- Opening Delimiter -

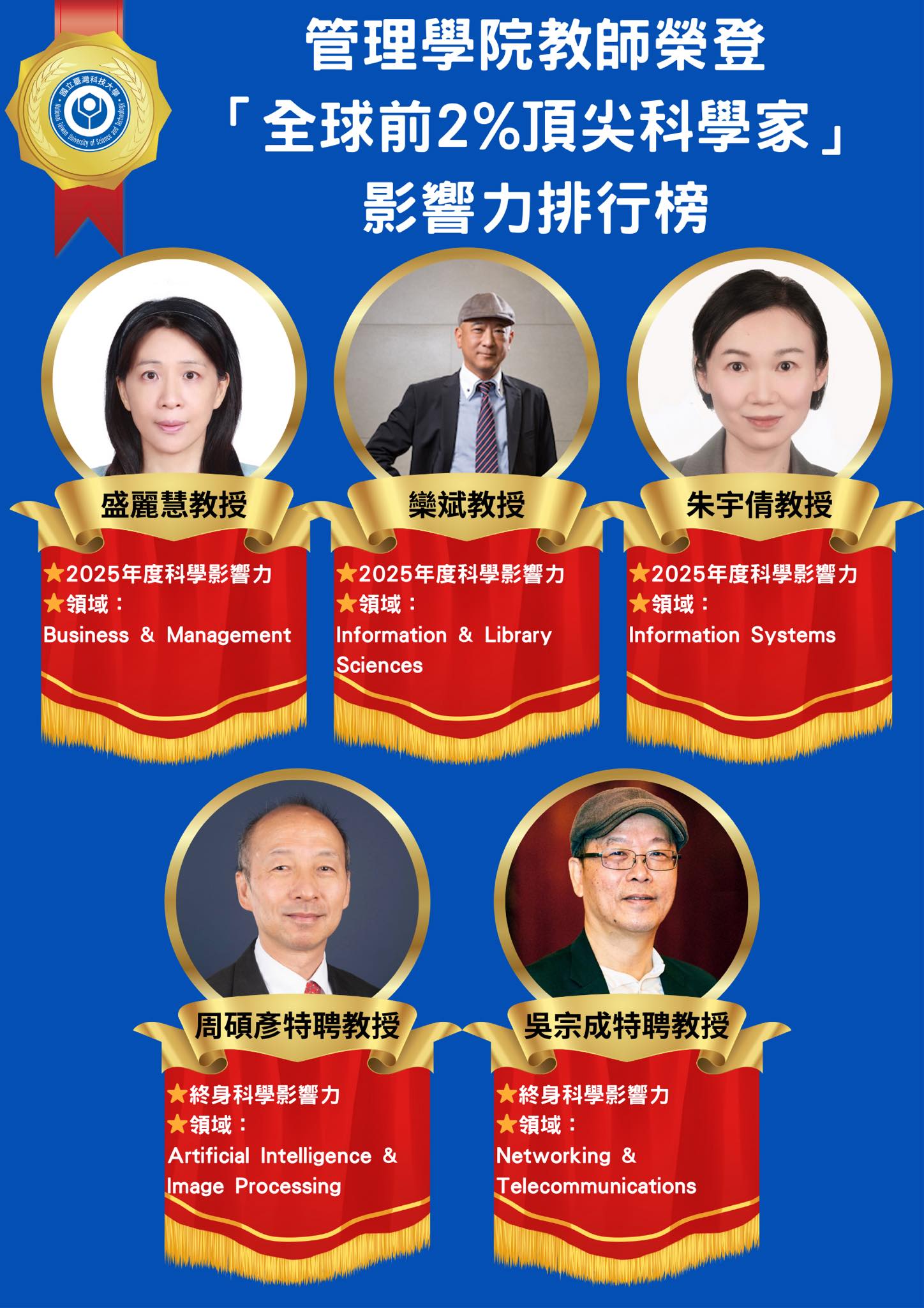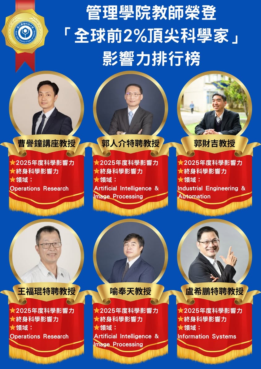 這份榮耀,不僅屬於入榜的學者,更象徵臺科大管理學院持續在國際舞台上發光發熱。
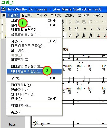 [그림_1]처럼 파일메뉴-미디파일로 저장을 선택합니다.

- Closing Delimiter -
- Opening Delimiter -

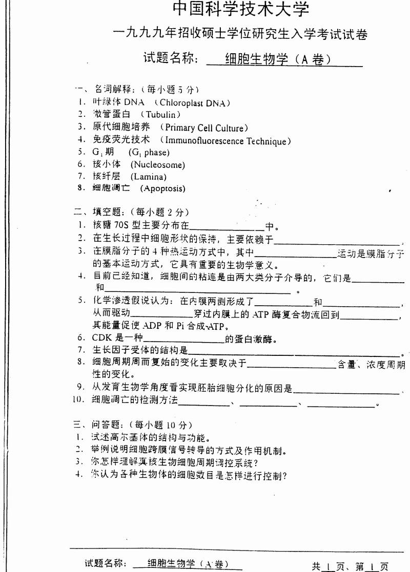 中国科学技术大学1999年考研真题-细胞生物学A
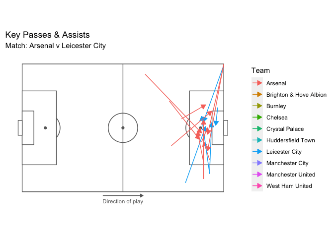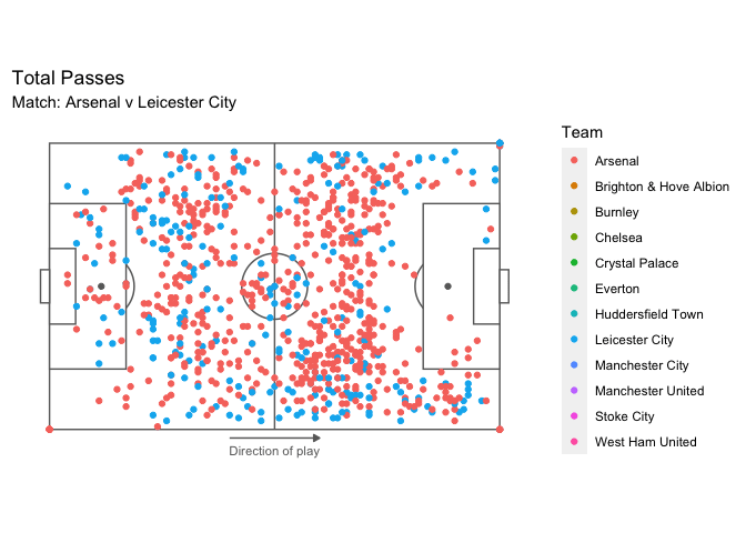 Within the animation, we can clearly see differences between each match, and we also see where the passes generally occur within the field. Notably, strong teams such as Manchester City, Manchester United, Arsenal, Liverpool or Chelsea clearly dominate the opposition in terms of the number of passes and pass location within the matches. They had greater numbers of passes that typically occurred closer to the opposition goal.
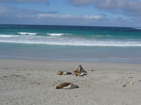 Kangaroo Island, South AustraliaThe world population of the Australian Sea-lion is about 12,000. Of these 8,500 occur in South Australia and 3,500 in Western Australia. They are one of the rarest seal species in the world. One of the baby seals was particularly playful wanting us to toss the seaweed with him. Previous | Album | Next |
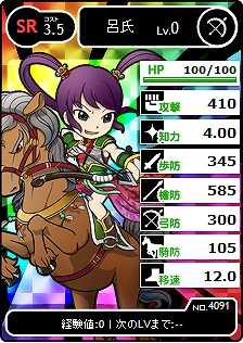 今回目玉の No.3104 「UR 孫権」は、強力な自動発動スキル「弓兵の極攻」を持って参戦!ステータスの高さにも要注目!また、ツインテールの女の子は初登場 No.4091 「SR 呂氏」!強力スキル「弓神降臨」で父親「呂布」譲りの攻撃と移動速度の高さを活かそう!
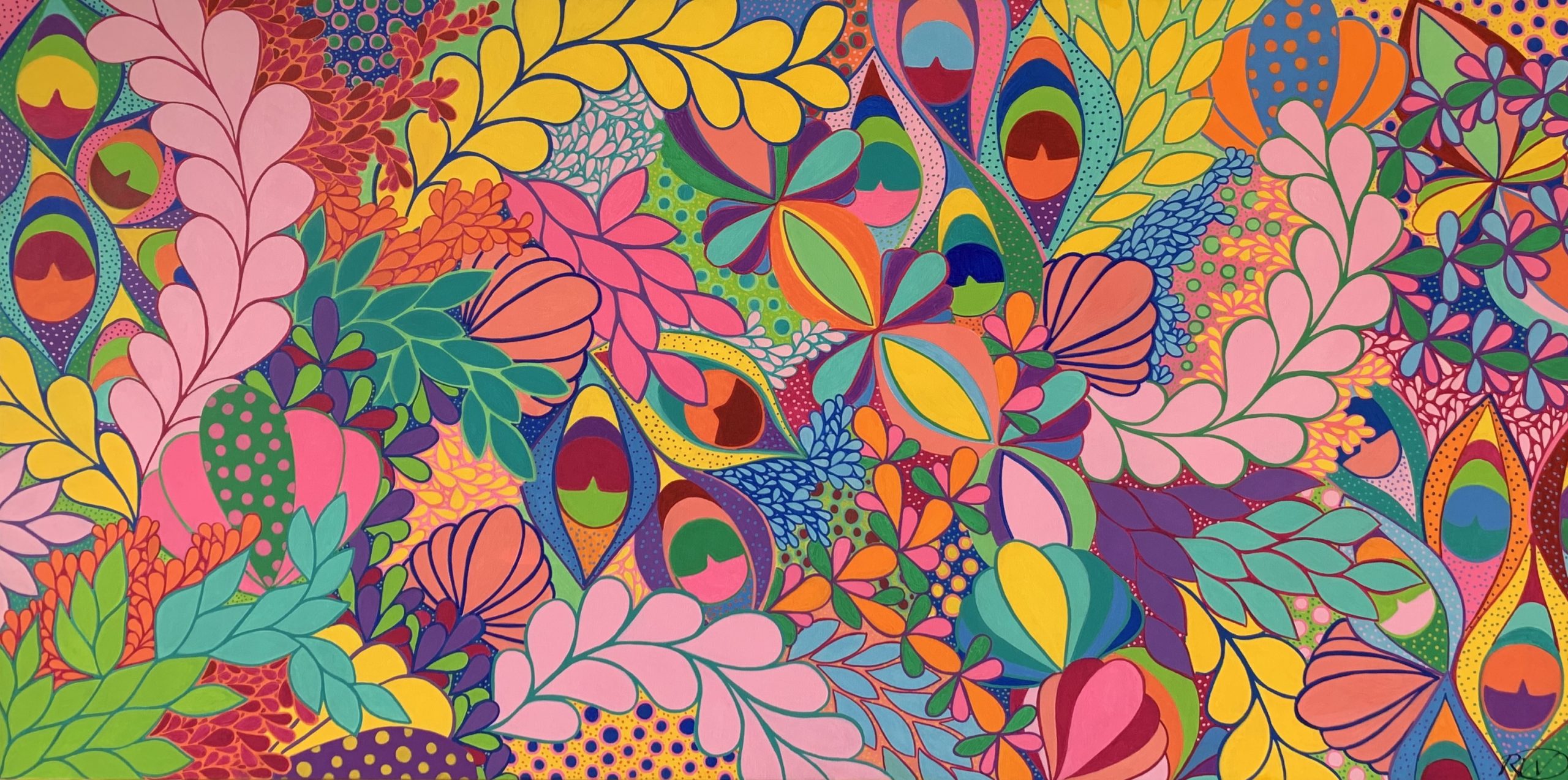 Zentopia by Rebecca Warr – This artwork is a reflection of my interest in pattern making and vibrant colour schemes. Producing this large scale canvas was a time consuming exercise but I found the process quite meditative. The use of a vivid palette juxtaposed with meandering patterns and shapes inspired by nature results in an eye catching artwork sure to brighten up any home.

- Closing Delimiter -
- Opening Delimiter -

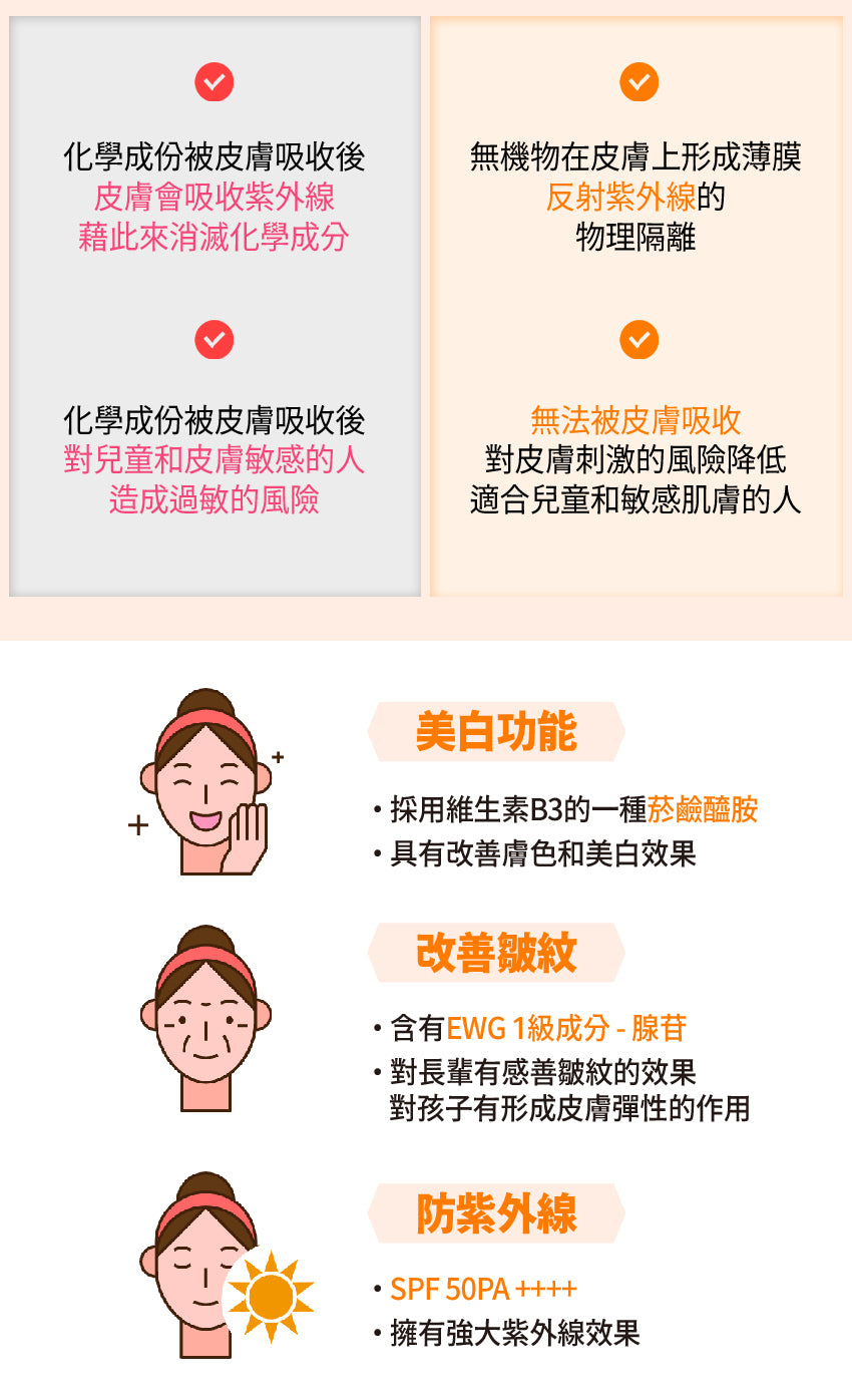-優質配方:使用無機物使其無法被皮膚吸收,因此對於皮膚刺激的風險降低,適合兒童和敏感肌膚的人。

- Closing Delimiter -

Exercise instructions –
Go to the line above holding "這份榮耀,不僅屬於入榜的學者,更象徵臺科大管理學院持續在國際舞台上發光發熱。", then copy exactly each line down to and including the one holding "[그림_1]처럼 파일메뉴-미디파일로 저장을 선택합니다.", leaving pictures out.

Result below –
 這份榮耀,不僅屬於入榜的學者,更象徵臺科大管理學院持續在國際舞台上發光發熱。
 [그림_1]처럼 파일메뉴-미디파일로 저장을 선택합니다.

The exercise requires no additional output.